Compared with prior art, in order to effectively and accurately detect the metabolic pathway of pyridimine nucleosides drug, this
Invention is used using anhydrous benzene as solvent, double labelling urea-(13C,15N2) and propiolic acid be that raw material carries out cyclization, crude product is through de-
Color and recrystallization after obtain double labelling uracil-(13C,15N2).In Ar2Under atmosphere, acetonitrile as solvents, double labelling uracil-
(13C,15N2) and 1- acetoxyl group -2,3,5- thribenzoyl-β-D-RIBOSE be stirred, then use glass syringe
Hexamethyldisilazane and trifluoromethane sulfonic acid trimethyl silicone grease is added.The intermediate obtained after post-treated is hydrolyzed with ammonium hydroxide,
Can be obtained double labelling uridine-(13C,15N2).Yield >=72% (with double labelling urea-(13C,15N2) meter),13C and15N
Abundance is both greater than 98% (being measured with the liquid chromatograph-mass spectrometer and MAT271 isotope mass spectrometer of Thermo), and chemistry is pure
Degree is greater than 99% (the Mahna-IR550 determination of infrared spectroscopy of Waters liquid chromatogram and Nicole company).The method label13C,15N2Isotope simple process, yield is higher, and isotope abundance does not decline, and is suitble to Laboratory Production double labelling uridine diphosphate
Glycosides-(13C,15N2)。
Specific embodiment
It elaborates below to the embodiment of the present invention, the present embodiment carries out under the premise of the technical scheme of the present invention
Implement, the detailed implementation method and specific operation process are given, but protection scope of the present invention is not limited to following implementation
Example.
Embodiment 1
Take double labelling urea-(13C,15N2) 10mmol and propiolic acid 15mmol be added in the solution that anhydrous benzene is solvent,
80 DEG C are reacted 40 hours, are separated water into during the reaction with water segregator, obtained dark red solution is added in ice water, are stood
There is the crystal of uracil to be precipitated, 4 DEG C stand overnight.Crystallization double labelling uracil-(13C,15N2) filtering, it is dried in vacuo, obtains
1.01g product (1).
In Ar2Under atmosphere, using acetonitrile as solvent, by 10mmol uracil-(13C,15N2) and 20mmol 1- acetoxyl group-
2,3,5- thribenzoyl-β-D-RIBOSE is added in solution, is stirred at room temperature, and is then placed in cooling in ice bath, uses glass
60mmol hexamethyldisilazane and 5mmol trifluoromethane sulfonic acid trimethyl silicone grease, solution after stirring is successively added in glass syringe
Clarification, 0 DEG C stirring 30 minutes after be stirred overnight at room temperature.

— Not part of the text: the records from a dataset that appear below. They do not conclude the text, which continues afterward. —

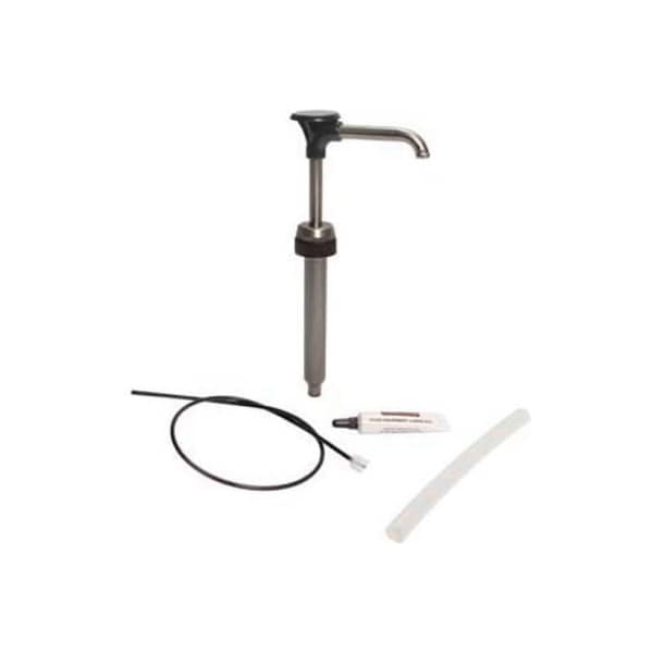 material: stainless steel includes: suction tube,cleaning brush,lubricant, gauging collars type: dispenses syrups, liquids | pump cap screws onto any 28mm opening of bottle note: adjustable 1/4 oz to 1 oz increments nsf certified: y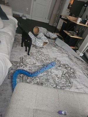 Soft, easy to unpack, no steaming, no creases. Its a little bit darker green than the photo online, and my photo makes it look grey, there is some gold hints in it upclose and depending on the light it changes. So thats cool! My cat loves it and he hopes you like his snake in the Pic. ✨️😎 would recommend this rug completely.
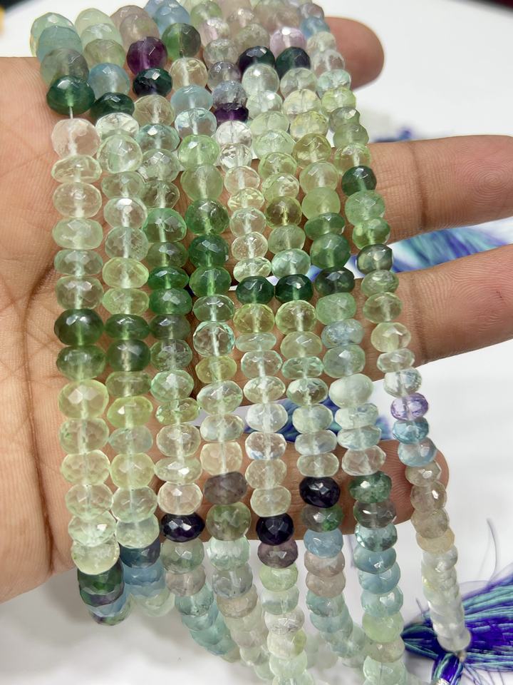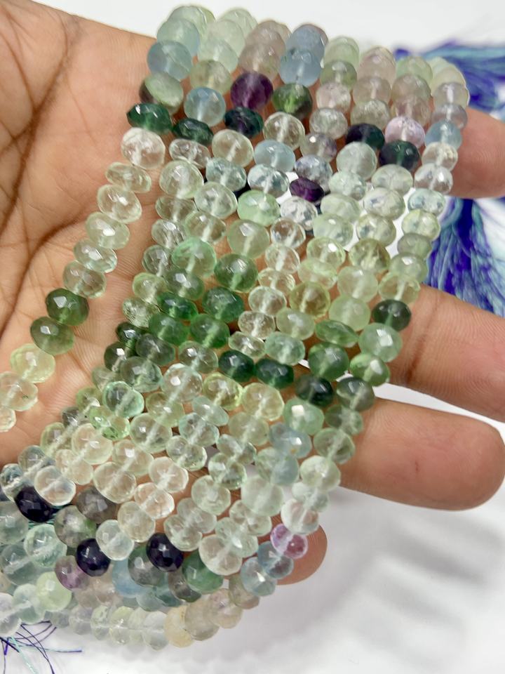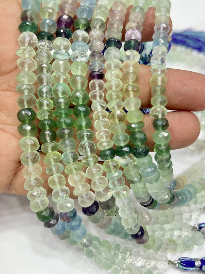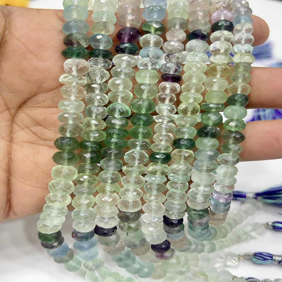 ลูกปัดพลอยรอนเดลล์ เกรด AAA ฟลูออไรต์สีเขียวธรรมชาติ ลูกปัดรอนเดลล์เจียระไน ขนาด 8 มม. ความยาว 8 นิ้ว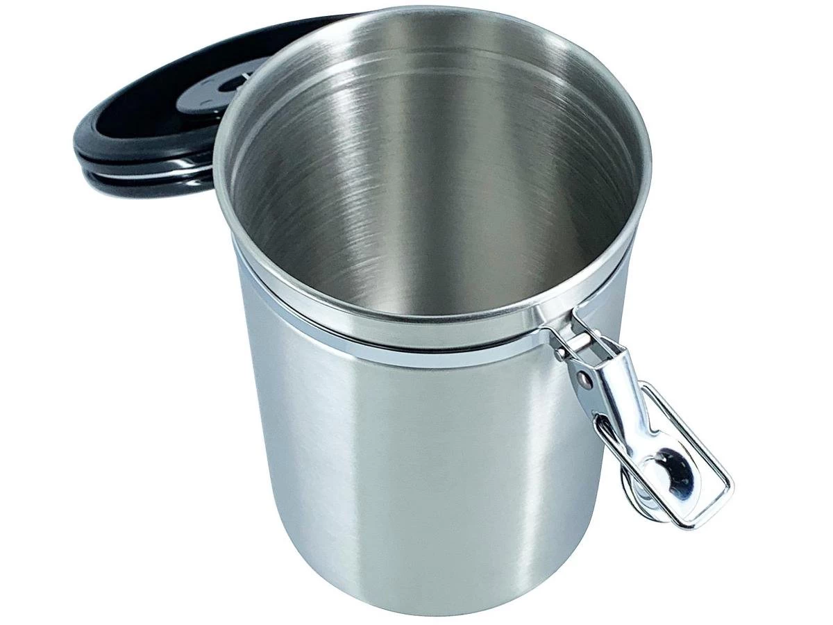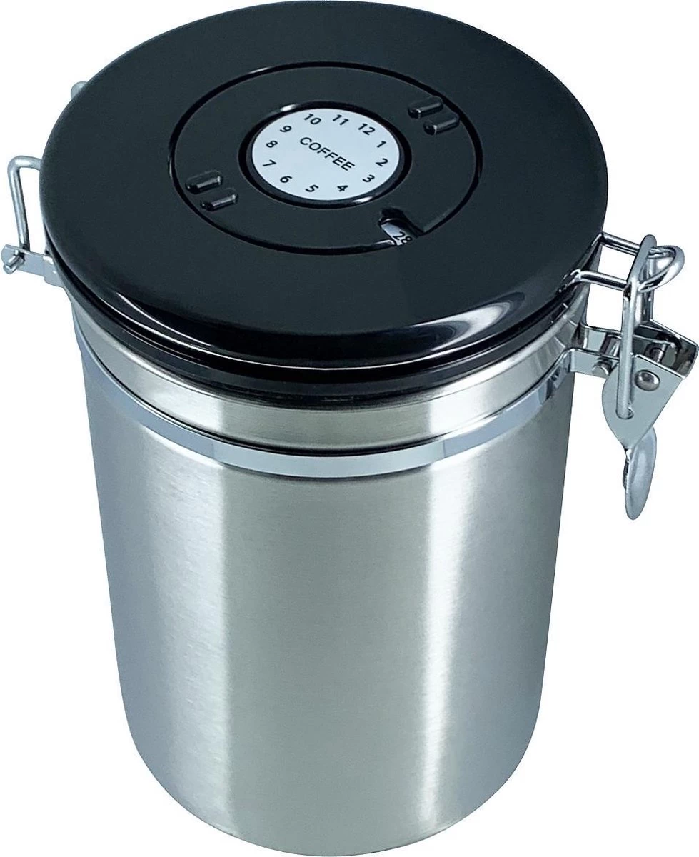 Pour un café parfait, non seulement la bonne préparation et le bon grain sont décisifs, mais aussi le bon stockage. Notre café en acier inoxydable Ermetica espresso écarlate hermétique peut garder vos grains frais et aromatiques pendant longtemps. Lorsqu’elles ne sont pas stockées correctement, par exemple au contact de l’oxygène, les huiles, graisses et cires contenues dans le café s’oxydent, de sorte que le café change progressivement et perd son arôme. Le café n’est pas compatible avec l’air, la lumière, la chaleur et l’humidité. Les grains sont stockés en toute sécurité et protégés contre ces influences dans notre boîte de café. En règle générale, après la torréfaction du café, du dioxyde de carbone est libéré. C’est un processus naturel. L’emballage du sac standard contient de petites valves d’arôme qui permettent au dioxyde de carbone de s’échapper. Nos boîtes à café ont une valve spéciale intégrée dans le couvercle, de sorte que le dioxyde de carbone puisse s’échapper même après la décantation.

Reaction solution is spin-dried for solvent, residue is dissolved in ethyl acetate, with saturation Na2CO3It is washed till pH neutrality, is saturated NaCl
Organic phase 3 times are washed, organic phase anhydrous Na2SO4It is dried overnight.Filtering obtains intermediate (2) after being spin-dried for solvent.

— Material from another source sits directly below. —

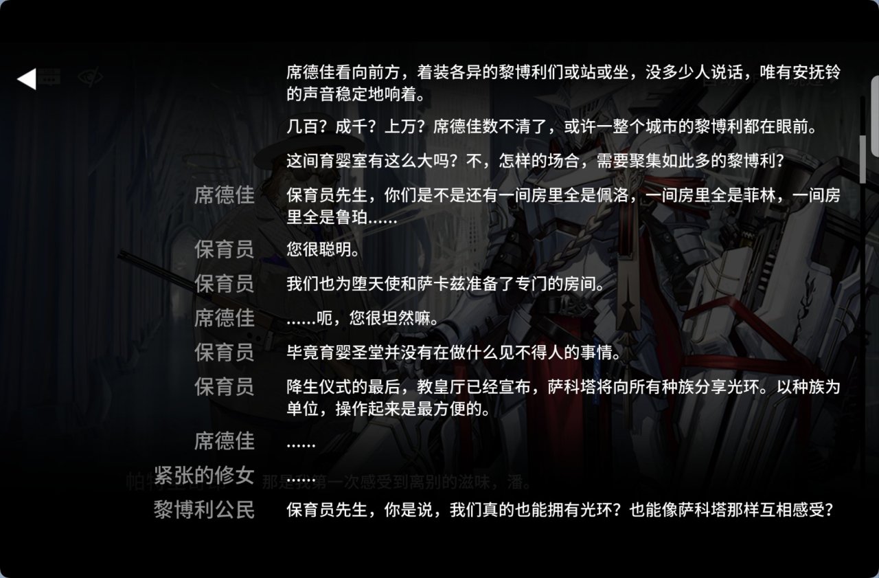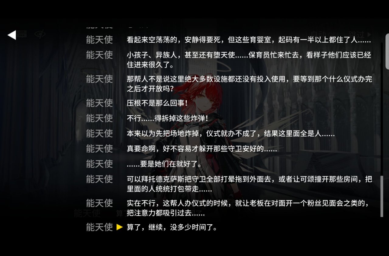 不想正在裝炸彈,裝完還得拆炸彈的能天使被教宗騎士當場逮捕,這時那位薩卡茲媽媽出現,讓能天使大喫一驚,她一直以爲今天那個降生儀式將要降生的孩子是屬於這個薩卡茲媽媽的,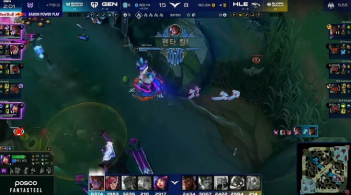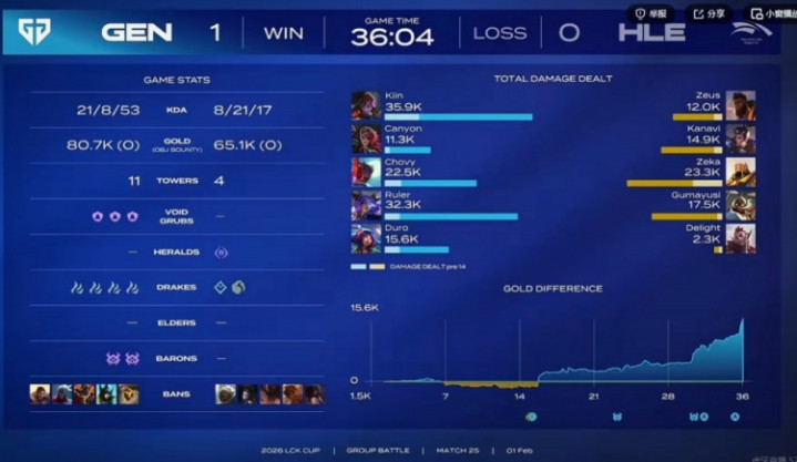 首局比赛天然Kanavi赵信联贯前期两波碰到战立功2-0开局,然则Zeus选出上单奎桑提被Kiin阿萝拉对线压得死死!上单对位经济差抑遏扩大!GEN中期找到契机,前卫团好意思满拉扯团灭HLE一波打回前期统统瑕疵!随后Chovy永恩联贯被捏,然则GEN顺便拿下大龙!Duro妮蔻几次大招齐射中HLE多东说念主,Ruler芸阿娜和Kiin阿萝拉轮着收割啊!

Intermediate (2) is dissolved in methanol, 10% ammonium hydroxide is added, solution ammonia hydrolyzes 20 hours at room temperature, thick after being spin-dried for
Product CH3OH-CH2Cl2Silica gel column purification is crossed as eluent, product is obtained and is washed with n-hexane, colorless solid is obtained after vacuum drying is
For target product double labelling uridine-(13C,15N2), total recovery be 72.5% (with double labelling urea-(13C,15N2) meter)
,13C >=98%,15N >=98%, chemical purity >=99%.
Embodiment 2
Take double labelling urea-(13C,15N2) 10mmol and propiolic acid 10mmol be added in the solution that anhydrous benzene is solvent,
20 DEG C are reacted 20 hours, are separated water into during the reaction with water segregator, obtained dark red solution is added in ice water, are stood
There is the crystal of uracil to be precipitated, 4 DEG C stand overnight.Crystallization double labelling uracil-(13C,15N2) filtering, it is dried in vacuo, obtains
0.86g product (1).
In Ar2Under atmosphere, using acetonitrile as solvent, by 10mmol uracil-(13C,15N2) and 13mmol 1- acetoxyl group-
2,3,5- thribenzoyl-β-D-RIBOSE is added in solution, is stirred at room temperature, and is then placed in cooling in ice bath, uses glass
30mmol hexamethyldisilazane and 10mmol trifluoromethane sulfonic acid trimethyl silicone grease, solution after stirring is successively added in glass syringe
Clarification, 0 DEG C stirring 30 minutes after be stirred overnight at room temperature.
Reaction solution is spin-dried for solvent, residue is dissolved in ethyl acetate, with saturation Na2CO3It is washed till pH neutrality, is saturated NaCl
Organic phase 3 times are washed, organic phase anhydrous Na2SO4It is dried overnight.Filtering obtains intermediate (2) after being spin-dried for solvent.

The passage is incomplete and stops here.